Ohio University Peer University Study
In 2012, at the request of Ohio University's president and executive vice president & provost, the Office of Institutional Research conducted a study to update the University's set of peer universities.
A list of available data elements to use as selection criteria was developed. The primary sources of these variables were data collected by US News & World Report's annual college rankings survey and the National Center for Education Statistics Integrated Postsecondary Education Data System (IPEDS). Seventy-two variables were selected from the following categories:
US News Peer Assessment
Freshman Admissions Selectivity
Retention and Graduation Rates
Student Body Race/Ethnicity
Tuition & Financial Aid
The president's executive staff and the provost's academic deans leadership group (N=24) were given an opportunity to rate the relative importance of each of the 72 variables on a three-point scale (very important=3, somewhat important=2, not important=1) in winter 2012. The ratings were compiled anonymously and tallied. Response means and frequencies were calculated, and the variables were sorted in order from most important to least important.
The most recently-available data sets on individual universities were obtained from US News and IPEDS. Beginning with the 2011-12 US News data set, National University Tier 1 and Tier 2 public universities (N=172) were identified, along with data collected by US News. Additional IPEDS data for these 172 universities were acquired. Faculty compensation data for the 2011-12 year were obtained from AAUP.

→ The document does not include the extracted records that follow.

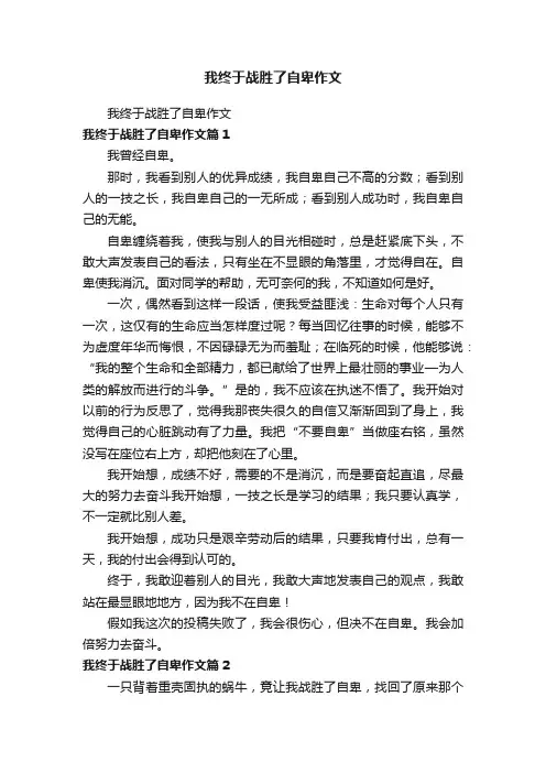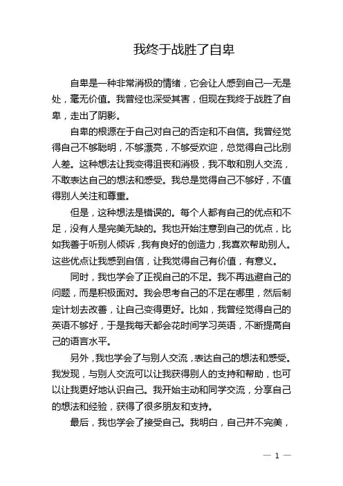 我终于战胜了自卑作文我终于战胜了自卑作文我终于战胜了自卑作文1在我小的时候,有一个毛病。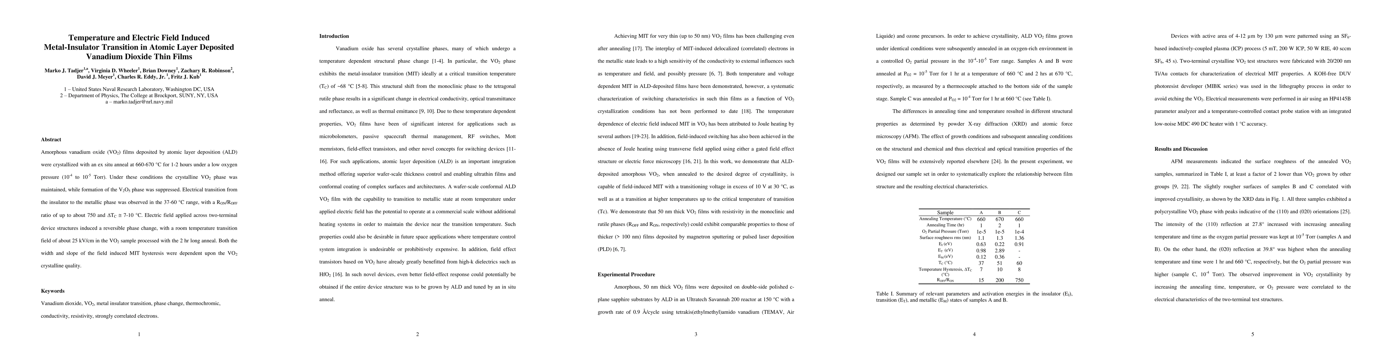 This paper investigates the metal-insulator transition in atomic layer deposited vanadium dioxide thin films, showing that temperature and electric fields can induce this transition, with a critical temperature range of 37-60 °C and a reversible phase change under an applied electric field of approximately 25 kV/cm. The transition's hysteresis width and slope are influenced by the film's crystalline quality.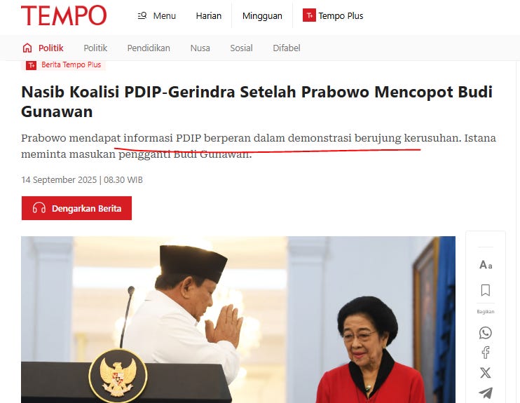 As appeared in social media, Prabowo just read a proposal so called 17+8 handed out by multiple editor-in-chief [especially, direct handed by Najwa Shihab]. Prabowo seems to underestimate the gravity of the problems he’s facing. He’s making policy like someone who just suffered a cardiac arrest but decides to drink Tolak Angin and get a coining massage, believing it’s just a common cold. Prabowo, the fact, ….. go abroad again last Wednesday to Qatar, and back again to Indonesia Thursday night.

Initially, 21 variables with a high degree of importance were retained. Selection variables were further refined from this list to include six "academic" variables: graduation rate, average ACT score, freshman retention, freshmen in top 10% of high school class, freshman acceptance rate, and undergraduate and graduate FTE. Lists of universities whose scores were within +/- 1 standard deviation from Ohio University's scores on each of these variables were created and then matched. A normalized academic criterion variable was created by converting each of the six different academic variables to a common scale. The list was then sorted from high to low on this one score, which resulted in an ordinal list of those 28 universities most closely matching Ohio University.
The president's executive staff and the provost's academic deans leadership group reviewed the list and suggested further refinements. The president's executive staff recommended that 10 peers be selected, with five aspirational peers, spread out between more extreme and less extreme aspirational peers, and five peers more similar to, but not below Ohio University. Ten university peers were identified because they matched most closely on as many as possible of six academic variables, according to the final selection recommendation, to produce a range of actual and aspirational peers.
The data for all of the universities will be updated annually. If needed, additional measures may be added as they become available to assist the strategic planning effort.